Along with discipline and teamwork, Langley argued that sport improved courage and physicality. He was one of those men who, Albert Grundlingh argues, saw rugby as a ‘sport of combat’. [50] In 1907 Langley penned an article titled ‘Some Reflections on Sport’ in which he claimed, based on his personal experiences during the campaign, that schoolboy sport in Natal assisted an ‘insignificant number’ of Natal’s young settlers in suppressing ‘hordes of blacks’ during the Bhambatha Rebellion. [51] The parallel between sport and colonial combat was made in many of his speeches:

The qualities developed on the football field […] held good under conditions of life and death […]They [colonial troops] invariably acted as I had often seen them act […] in many a hard fought match, and the spirit of camaraderie bred of sport was always there to help under all conditions …[ 52]

Langley explained that colonials were not born soldiers but developed martial qualities after playing rugby at school:

Watch the youngster playing for the first time […] he is conscious of a surging mass of humanity around him, of being borne along in a shockingly helpless state, and he loses the first bit of egoism bred of being the ‘inkosan’ of a three-thousand acre farm. There are really overwhelming forces on this earth from which he must defend himself, and he has to make himself fit to cope with them. If he tries to shirk, he is banged back into the ruck, so he gives up trying to shirk and does his best […] he next learns that he is capable of giving assistance to a hard-pressed partner, but he must be quick, and does it at risk to himself. Rapidity of thought and action are developed … [53]

Team sports such as cricket and rugby also secured class interests. Langley believed that both cricket and rugby required what he called ‘gentlemanly instinct’ [54] as they required gentlemanly qualities such as fair play, teamwork, ‘pluck’ and self-sacrifice. Langley was not alone in his assumption as many of his generation and socioeconomic class, viewed cricket and rugby as a middle to upper class game. [55] Hence the cliché, ‘football is a gentleman’s game played by hooligans and rugby is a hooligan’s game played by gentleman’.

When Langley arrived at DHS from MC in 1910 he used cricket and rugby to promote DHS as an upper-class public school.
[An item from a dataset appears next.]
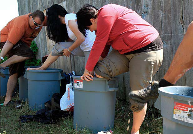 Il ne reste plus qu’à se «débouetter». Un petit saut dans un baril remplit d’eau et hop, l’équipée bien méritante emprunte la route du Quai-d’en-bas pour se diriger vers le lunch.
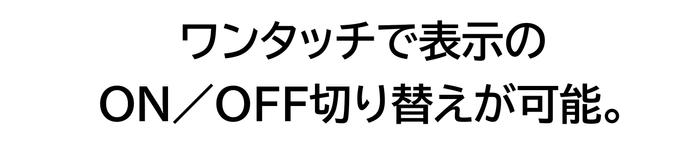 - 本製品は、操作性にも徹底的にこだわりました。たとえば、画面の表示をオン・オフに切り替える操作も、わずか1回のボタン操作だけ。複雑な設定メニューを開いたり、アプリを起動したりといった面倒な手順は一切不要です。

His efforts in this regard are abundantly evident in the pages of the DHS Magazine, his memoirs and The Natal Mercury. In early 1917 a team comprised solely of English public school boys played cricket against DHS. The editor of the June 1917 edition of the school magazine claimed that

in many respects this was a particularly appropriate match, and one possessed of a unique interest, for of recent years – since Mr Langley took control – the High School has been conducted on English Public School lines … [56]
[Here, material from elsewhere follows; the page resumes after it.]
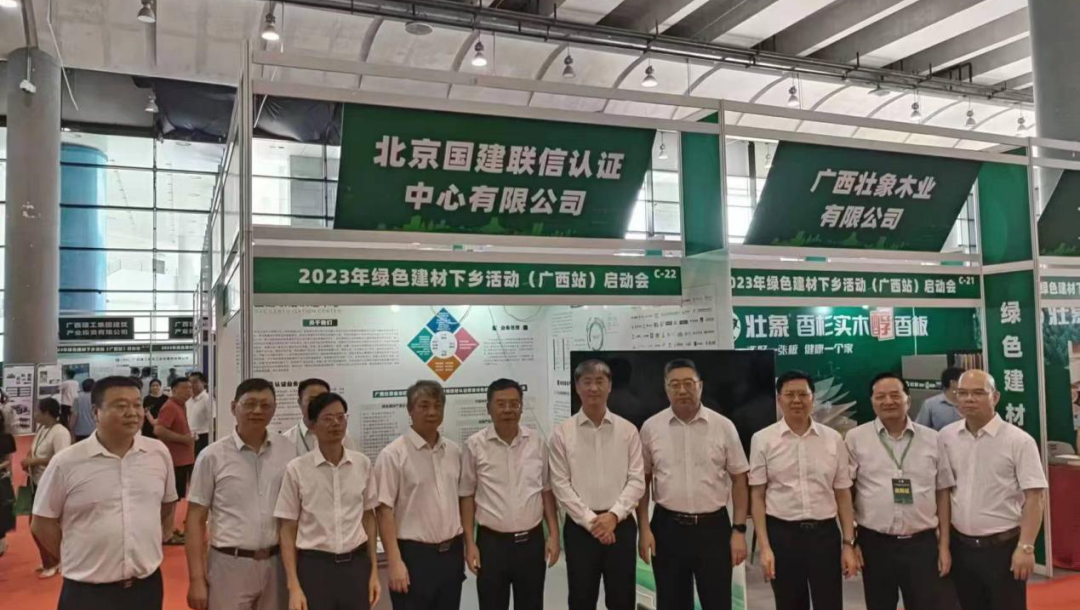 儀式結束后,與會領導參觀了廣西綠色建材產品展銷會。本次展銷會共有來自區內外的80余家企業參展,涉及水泥、玻璃、陶瓷、石材、涂料、家居板材、防水卷材等大類及光伏玻璃產業鏈、固廢綜合利用等領域。與會的各級領導來到國建聯信認證中心展位前,參觀指導工作,并合影留念。

Later that year, Langley organised a rugby match between DHS and a team comprised of public-school-educated Army officers who had been training in South Africa and due to transfer to India. These games highlight Langley’s attempts to get his students to act like and socialise with English public school boys.

Langley pursued his agenda by vilifying schools which did not play cricket and rugby, and were, following his logic, lower class. Langley’s rants against ‘the Tech’ (Technical High School which later became Glenwood High School), whose premier winter sport was initially soccer, are legendary: ‘The Tech is the place for swine like you!’ [57] ‘Fight, you swine! Fight, you Technical Soccerite! I won’t have any malingering in my school!’ [58] Towards the end of his career, his policy found vindication in a report of The Natal Mercury of 18 April 1931 which reported that DHS ‘still proudly maintains the traditions of an English Public School.’ [59]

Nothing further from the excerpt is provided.